Task prompt ->
Without including any pictures, write out the data below exactly.

═══ Information shown ═══

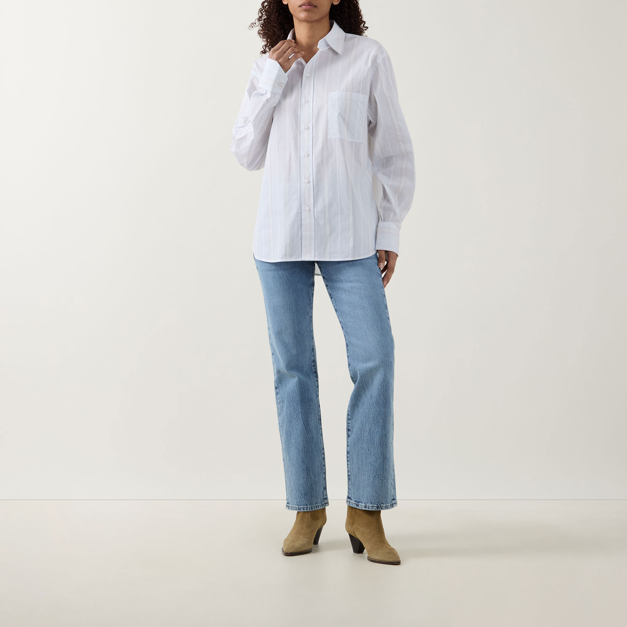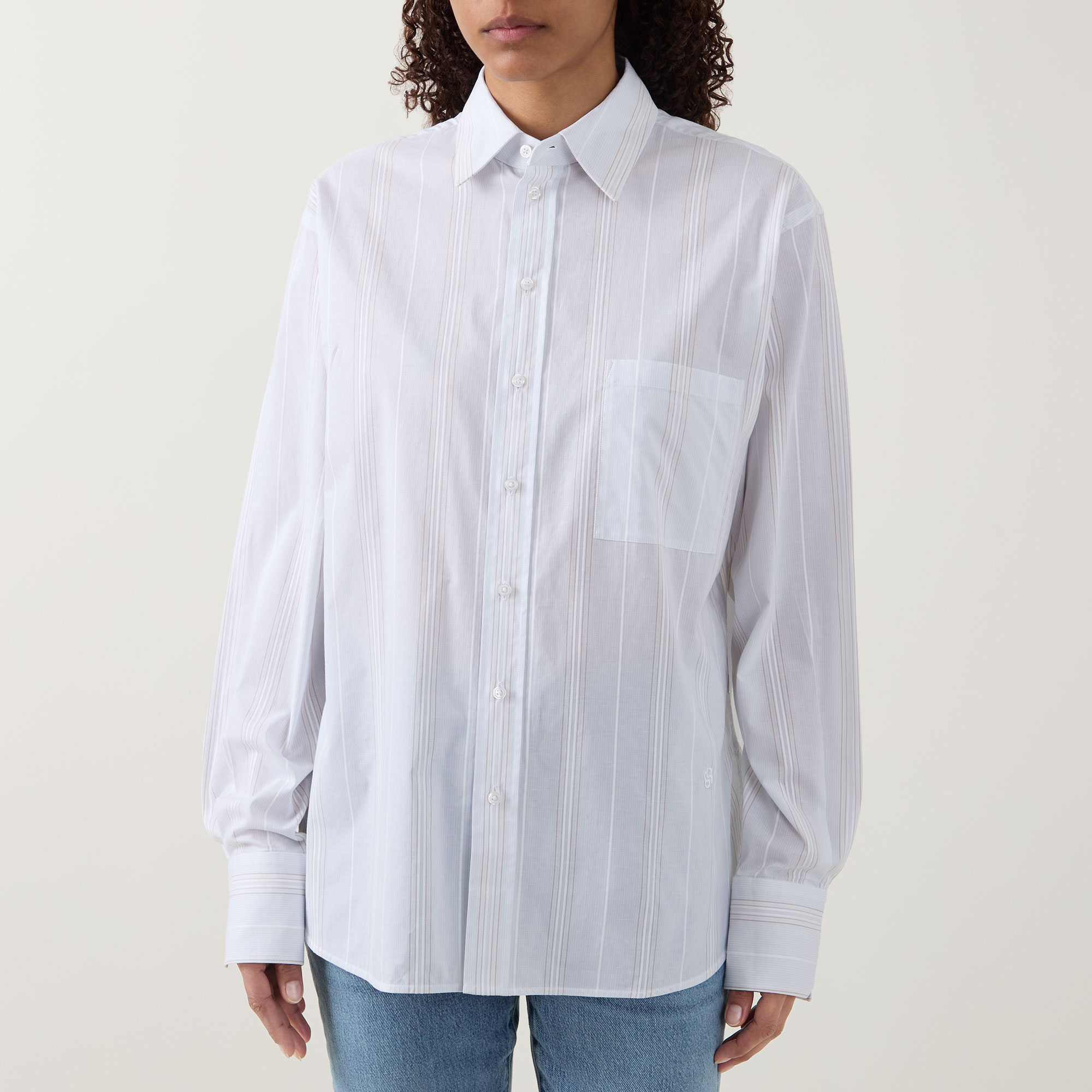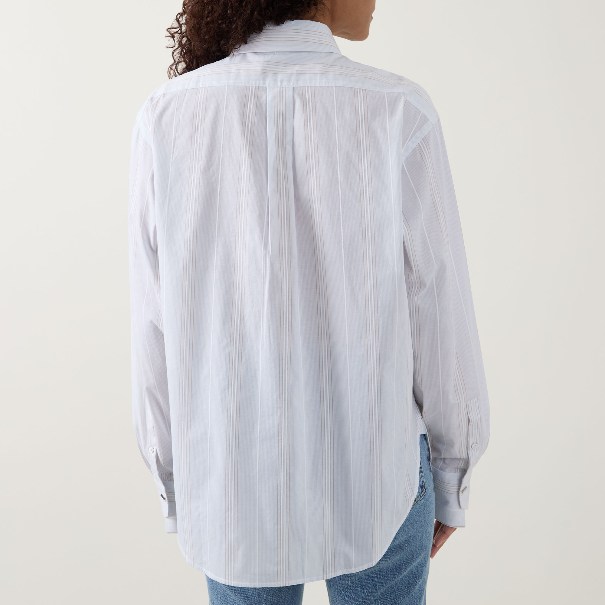 - Point collar, dropped shoulders, long sleeves, buttoned cuffs, front button placket, one chest patch pocket, curved hem, rear box pleat, striped pattern, breathable
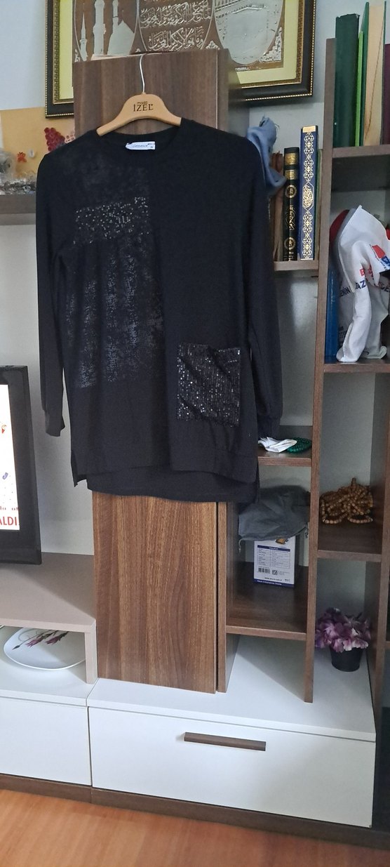 Siyah, uzun kollu, midi boyda ve bol kesim kadın tunik. Ön kısmında pul işlemeli cepler bulunur. Yumuşak sentetik kumaştan, günlük kullanıma uygun. ✨ GÖĞÜS 53 BOY 78
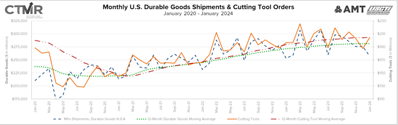 “January cutting tool shipments are a good start to 2024 and indicate that the expected decline will not be as severe as some fourth-quarter predictions that were based on the contraction in durable goods spending,” asserted Jack Burley, chairman of AMT’s Cutting Tool Product Group. “Job shops are reporting business activity, and quoting has slowed down some; however, large original equipment manufacturers in automotive, truck, and aerospace are still investing in new production lines. Overall, there is optimism within the industry for continued growth this year.”
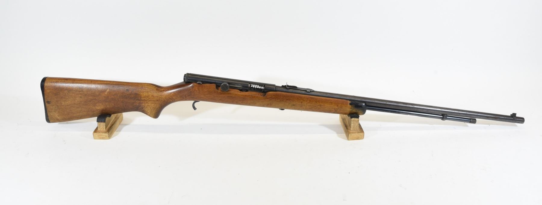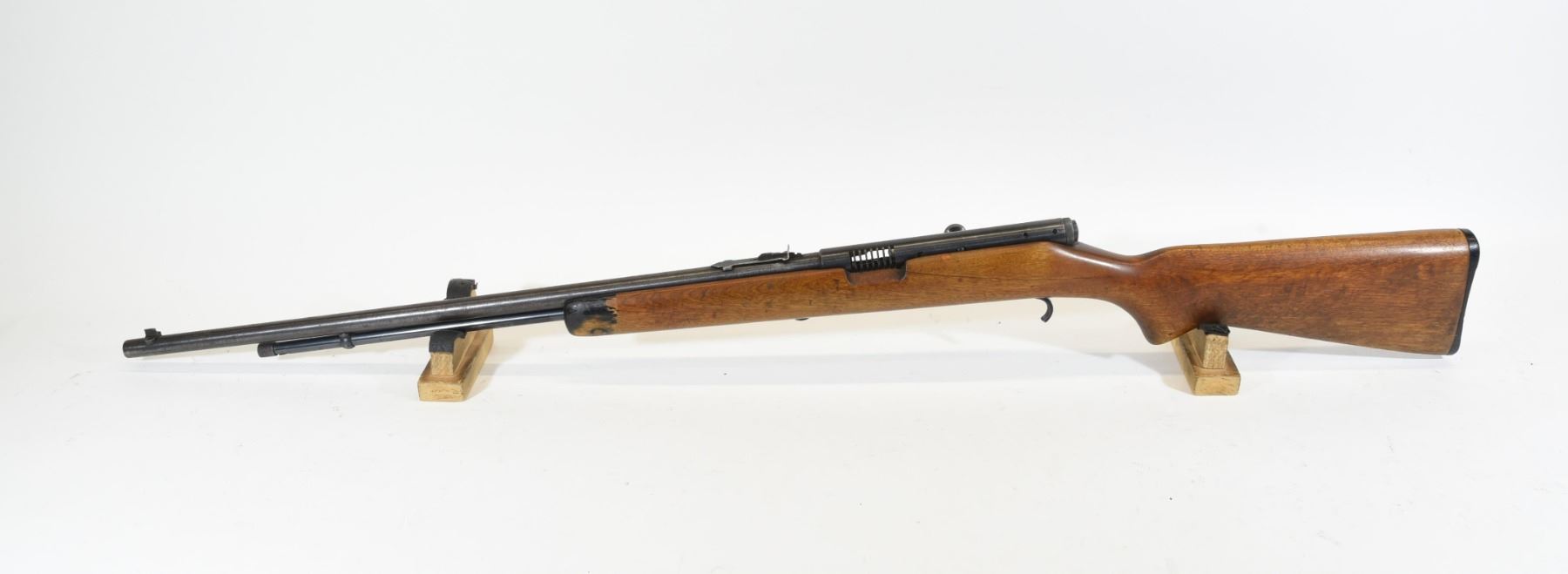 Non-restricted, 22S,L,LR, SN N/A. Wood stock has many dents and scratches as well as three large cracks. Bluing is going grey and has several scratches as well as being speckled with light surface rust throughout. Bore is excellent. Rifle is missing the trigger guard.

═══

Response below ->
 - Point collar, dropped shoulders, long sleeves, buttoned cuffs, front button placket, one chest patch pocket, curved hem, rear box pleat, striped pattern, breathable
 Siyah, uzun kollu, midi boyda ve bol kesim kadın tunik. Ön kısmında pul işlemeli cepler bulunur. Yumuşak sentetik kumaştan, günlük kullanıma uygun. ✨ GÖĞÜS 53 BOY 78
 “January cutting tool shipments are a good start to 2024 and indicate that the expected decline will not be as severe as some fourth-quarter predictions that were based on the contraction in durable goods spending,” asserted Jack Burley, chairman of AMT’s Cutting Tool Product Group. “Job shops are reporting business activity, and quoting has slowed down some; however, large original equipment manufacturers in automotive, truck, and aerospace are still investing in new production lines. Overall, there is optimism within the industry for continued growth this year.”
 Non-restricted, 22S,L,LR, SN N/A. Wood stock has many dents and scratches as well as three large cracks. Bluing is going grey and has several scratches as well as being speckled with light surface rust throughout. Bore is excellent. Rifle is missing the trigger guard.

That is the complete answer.